Collected data:
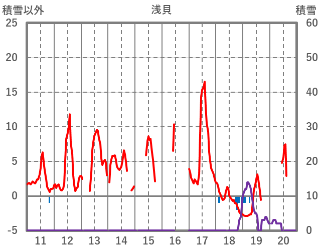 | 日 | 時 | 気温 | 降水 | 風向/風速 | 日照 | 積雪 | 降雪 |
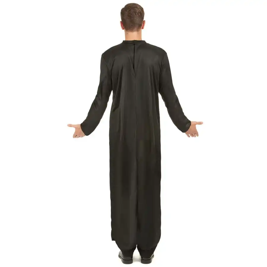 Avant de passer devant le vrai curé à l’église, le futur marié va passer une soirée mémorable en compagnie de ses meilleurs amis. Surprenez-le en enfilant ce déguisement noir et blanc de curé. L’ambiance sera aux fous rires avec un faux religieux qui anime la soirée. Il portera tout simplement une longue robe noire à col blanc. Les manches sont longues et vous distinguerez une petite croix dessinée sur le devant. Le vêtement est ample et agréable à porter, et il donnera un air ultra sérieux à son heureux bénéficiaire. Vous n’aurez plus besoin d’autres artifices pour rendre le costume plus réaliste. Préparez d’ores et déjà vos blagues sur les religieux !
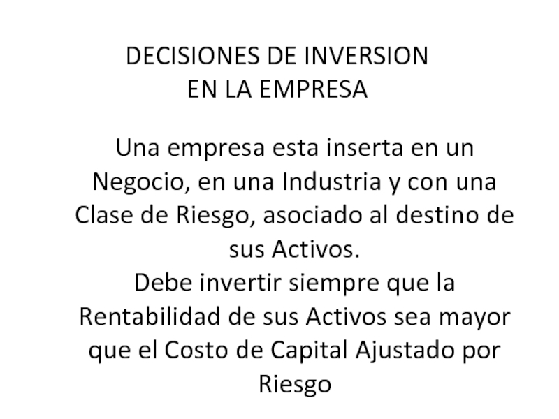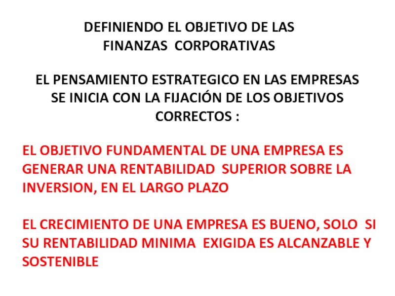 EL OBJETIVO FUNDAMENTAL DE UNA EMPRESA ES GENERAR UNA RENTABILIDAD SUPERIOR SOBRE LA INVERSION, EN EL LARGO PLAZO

Exercise aim: What you return should match the material line for line, with the images removed.

Problem solution:
 | 日 | 時 | 気温 | 降水 | 風向/風速 | 日照 | 積雪 | 降雪 |
 Avant de passer devant le vrai curé à l’église, le futur marié va passer une soirée mémorable en compagnie de ses meilleurs amis. Surprenez-le en enfilant ce déguisement noir et blanc de curé. L’ambiance sera aux fous rires avec un faux religieux qui anime la soirée. Il portera tout simplement une longue robe noire à col blanc. Les manches sont longues et vous distinguerez une petite croix dessinée sur le devant. Le vêtement est ample et agréable à porter, et il donnera un air ultra sérieux à son heureux bénéficiaire. Vous n’aurez plus besoin d’autres artifices pour rendre le costume plus réaliste. Préparez d’ores et déjà vos blagues sur les religieux !
 EL OBJETIVO FUNDAMENTAL DE UNA EMPRESA ES GENERAR UNA RENTABILIDAD SUPERIOR SOBRE LA INVERSION, EN EL LARGO PLAZO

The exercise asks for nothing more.